Nostalgia only
Read-Only | New York City | 06/22/2008
(2 out of 5 stars)
"Nat King Cole was simultaneously an internationally known singer and a little-known, but excellent, jazz pianist. He started singing with his trio and then gradually developed into a pop vocalist. The present album represents a focus on the piano, after Cole had become very popular.
This disc contains two records (on a single disc). The first, Penthouse Serenade, is a trio recording, but it is not "jazzy" in his original style. The liner notes refer to this as a "more straight-ahead" style, with little improvisation. If you want to hear the melody of these songs played on piano, with little elaboration, this is the disc for you, but I found it to be simply uninteresting. It's as if the producer was afraid that people would turn the record off if Cole stopped playing the melody or used an interesting chord. Overall, it was listenable, but not compelling.

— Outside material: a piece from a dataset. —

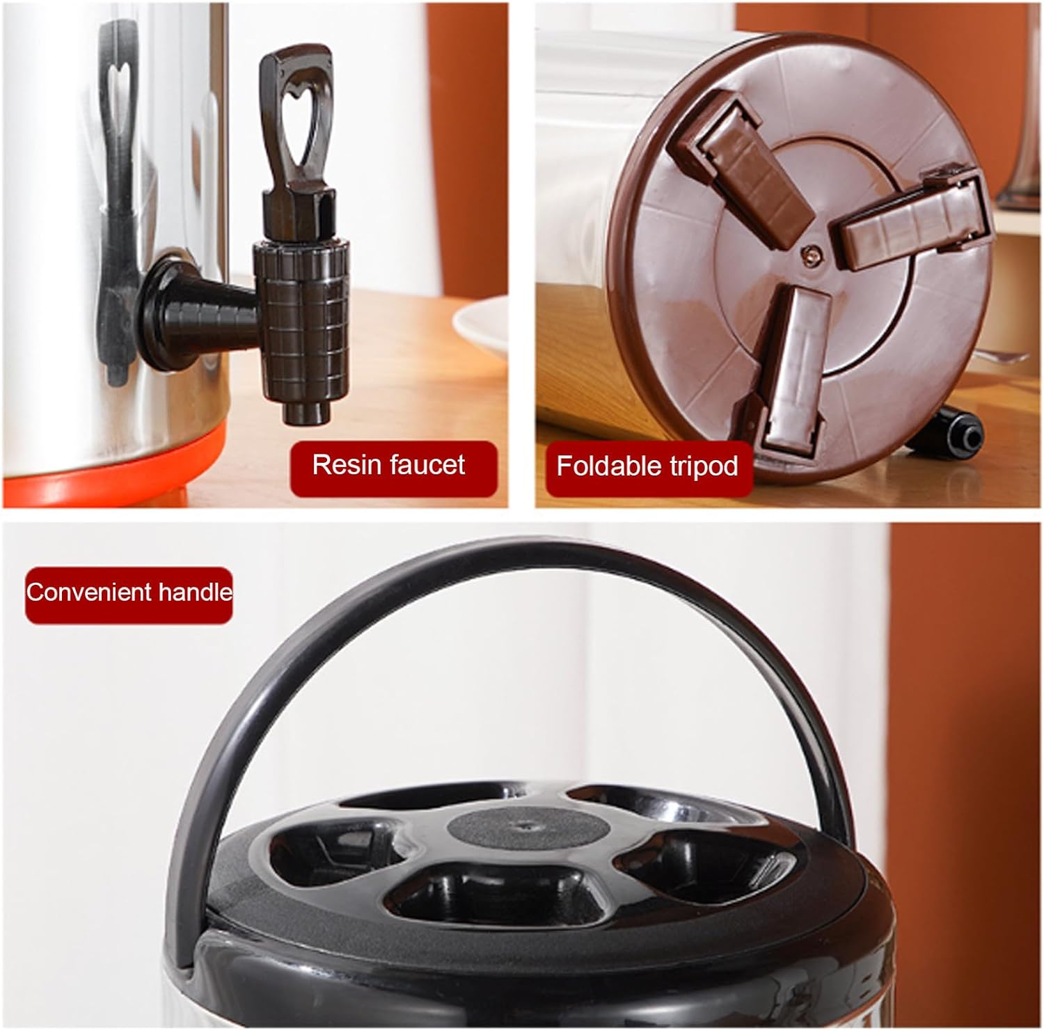 Introducing our versatile hot and cold water dispenser, an ideal solution for diverse environments such as coffee shops, offices, hotels, kindergartens, and outdoor gatherings. This multi-functional appliance combines the features of an insulation cup, insulation barrel, and milk tea barrel, crafted with a durable stainless steel shell and inner tank that withstand high temperatures and resist rust, ensuring easy maintenance. Designed with an innovative groove, our water dispenser guarantees a smooth beverage flow while minimizing residue, making it perfect for serving drinks at any occasion. Whether you’re hosting a meeting, enjoying a picnic, or catering to guests, this dispenser keeps your beverages hot or cold for 8 to 10 hours, allowing you to relish your favorite drinks at the perfect temperature throughout the day. Specifications: - Product Name: Hot and Cold Water Dispenser - Color Options: Black, Red, Brown - Capacity Options: 6L, 8L, 10L, 12L - Functionality: Heat Preservation, Cold Preservation For optimal performance, please refrain from immersing the entire unit in water during cleaning. The outer shell can be conveniently wiped down with a cloth. When filling the inner tank, avoid turning the dispenser upside down; instead, let the water flow from the designated faucet. Package Includes: - 1 x Water Dispenser Should you have any questions or require assistance, please don’t hesitate to reach out to us. Elevate your beverage service with our dependable hot and cold water dispenser, designed to meet your needs while enhancing any setting.
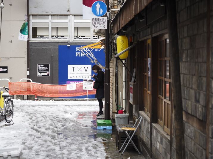軒下での雨宿り、いや雪宿りか、手前の居酒屋のボケ感が絞りF2.8の片鱗を物語る

The second record, The Piano Style of Nat King Cole, features the piano in Nelson Riddle arrangements for strings or big band. The arrangements are fine, but Cole was apparently limited to playing a single line with the right hand, keeping close to the melody. As a result, it seems to have sucked his personality completely out of the music. In some cases, the melody is embellished with a kind of hippity-hoppity phrasing that made my skin crawl. Whereas Penthouse Serenade was simply dull, I'm afraid that I had to force myself to listen to the whole of the second record. Cole could in fact use both hands to play, and he had great phrasing and sense of harmony. None of that was permitted here, and the result is simply annoying. Had he sung these arrangements, I'm sure the result would have been much better.
Fans of Cole's real jazz recordings should stay far away from this disc and seek out his earlier trio work. It may work as background music or as nostalgia for Cole fans, but I'm afraid that it was designed for a commercial audience of many years ago, and now that that audience has changed, the music seems simply dated."